Yea, I took a little break before starting part 5. I'm currently writing it. It'll take sometime. Should be ready in January.

@hansthompson Жыл бұрын

@Mutual Information very easy to follow. I'll be patiently waiting. Thanks.

@raminessalat9803 Жыл бұрын

You videos are amazing and I know the time spent for creating these are probably astronomical. But i do have a feedback that would help your videos and its my own observation. I think your body language is too much and I feel it is very unnatural/isn't meaningful for the content. I don't know if you are actually forcing it to have a body language or not, but I think body language is something that happens naturally and you don't need to try too hard for it. At first when I started to watch your videos, that was something that was repelling for me personally but when I saw your content, I became a fan of your channel. So hope you take it as a constructive feedback from a fan.

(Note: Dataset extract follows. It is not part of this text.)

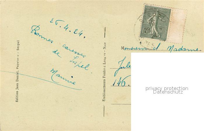13638552 Sospel Place Saint Nicolas postalisch gelaufen Erhaltung siehe scans [FriedD77] carte postale Frie Katcode 11170006206136

@Mutual_Information Жыл бұрын

Thank you, appreciate the genuine feedback, and I know what you mean. There's this awkward robotic-ness that's difficult to shake. But I think some of it is due this set up. In my more recent videos, my new setup has hopefully brought the unnaturalness down. A work in progress. I also may de-burden myself with trying to match my language with what I'll anticipate will be on screen.